Think of it in these ways - one can experience pain and yet not suffer; one can also suffer and yet not feel pain.  The brain has a mass and a shape while the mind does not.  The Earth can be seen from space as a solid sphere while the World exists only in the imagination as in 'a child's world', or 'the world of dreams', or 'the insect world'.

Consciousness, Ideas, and Thoughts
Our brains operate in three ways: intellectually, instinctually, and emotionally. Intellectually when we add 2 and 2 and get 4; instinctually when one’s blood pressure rises under threat of danger; and emotionally when one experiences love, hate, compassion etc. It is the instinctual and emotional parts of our brains which drive us into sectarian conflicts (protection of territory and revenge, for example).

What distinguishes humans from the rest of the animal kingdom is that we have a higher degree of the intellectual (reasoning) component than other species. We have ‘thoughts’ which may be defined as combinations of various ‘ideas’ processed in our ‘consciousness’.  Further, all thoughts are expressed using either models or metaphors through the use of a ‘language’.  A language uses words, mathematical symbols, musical symbols etc.

One 'reads' sentences (combinations of letter symbols joined as words), mathematics (combinations of mathematical symbols combined as equations), music (combinations of musical symbols combined as melodies and harmonies) etc.

The human brain uses pictures and symbols to describe reality.  Indeed we became human when we first produced art. With pictures and symbols we began to think about the outer and inner realities of our lives. We developed ‘models and theories’ to describe our outer realities and ‘myths and metaphors’ to describe our inner realities.

For example the hydrogen atom is depicted as a point in the center of a circle to symbolize a proton with another point on the circle’s circumference to represent an electron. That is a model and we use a language (in this case mathematical language) to deepen this model’s utility by writing equations to describe things protons and electrons ‘do’.

With the use of the model we have a theory of how a hydrogen atom manifests itself but we do not know what the inner ‘being’ of a hydrogen atom really is. We can only draw a picture in our minds which we name as a thought and that is the limit of our understanding of what the thing depicted is.

We employ metaphors and myths to draw similar thought pictures for ideas about love, compassion, pride, etc.  Metaphors and myths refer to stories that, while they may or may not be strictly factual, reveal fundamental truths and insights about human nature.  Roger Scruton wrote in the magazine, Prospect:

A myth does not describe what happened in some obscure period before human reckoning, but what happens always and repeatedly. It does not explain the causal origins of our world, but rehearses its permanent spiritual significance.

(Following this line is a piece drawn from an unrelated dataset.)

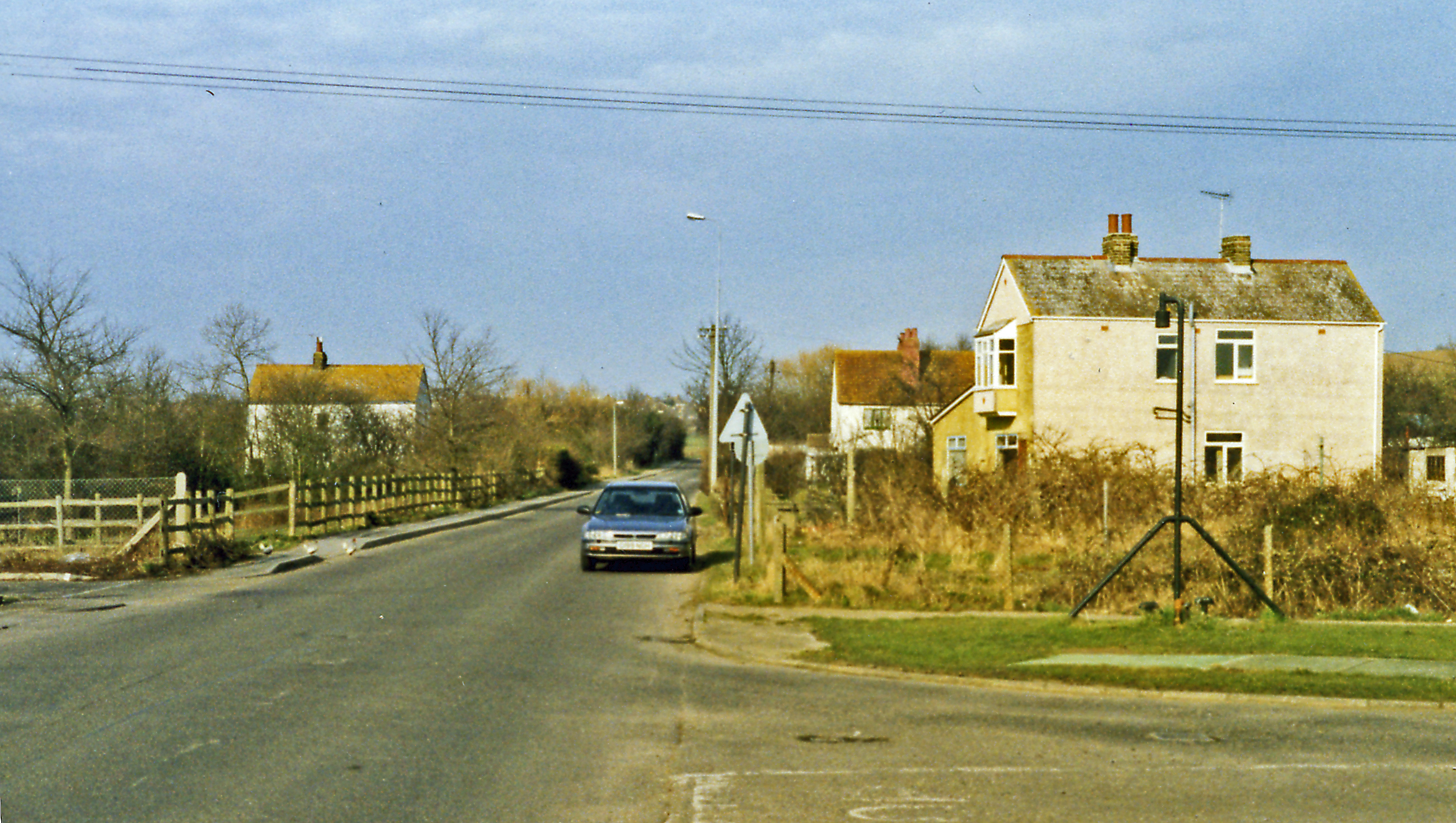 Site of former Eastchurch station, 1995. View northward, across the location of a crossing on the ex-SE&CR Sheppey Light Railway, Queenborough (to left) - Leysdown (to right), which closed long ago, on 4/12/50

 An example of myth is the story of the boy who was asked to guard sheep against wolves and to call "wolf" to the villagers if the sheep were threatened.  As a joke on the villagers he called "wolf" on several occasions. The villagers came and found no wolf. Then on a later occasion the wolf came, the boy cried "wolf" and the villagers did not respond. Why?  They no longer had ‘trust’ in what he said.

We do not know the historical ‘truth’ of this story i.e. did it physically happen at some place and time? It is myth - but that is of no consequence because we have an intrinsic truth in the story of how ‘trust’ can be lost by acting 'dishonestly'.

As humans we have two (and only two) ways, of communicating – through a model/theory or through a myth/metaphor. Paraphrasing Thomas Mann:

Myths and metaphors are descriptions of the way things never were, but always are.

(Myths seek to describe truths which are not factual but which are eternal.  The story of the boy who cried "wolf" may never have happened but the story is eternally true).

Models and theories are descriptions of the way things might be, but never are.

 (Models seek to describe truths which must be proven as facts to become eternal.   We once believed that the Earth was the center of the universe but what we thought 'might be' was shown eventually as 'never was').

Both models and myths employ real and imaginary components. In mathematics, real and imaginary numbers are essential for describing outer world reality. Imaginary numbers have essential applications in areas such as signal processing, control theory, electromagnetism, quantum mechanics. Imaginary numbers might be said 'not to exist' yet we conceive of them intellectually and use them to our advantage. Without imaginary numbers modern science would be paralyzed.  One understands that the square root of 4 is 2 but what does one understand by the square root of minus 3?  We don't know but we can use the concept.

Likewise real and imaginary situations and persons are essential for describing world realities using myths/metaphors. In common usage the word 'myth' may be understood by some as equivalent to 'fiction', or a 'half-truth'; yet 'myth' does not imply that a story is either objectively false or true, it rather refers to a symbolical notion of truth. Romeo and Juliet are imaginary persons yet through them we can exchange ideas about truths related to ideas about love and tragedy etc.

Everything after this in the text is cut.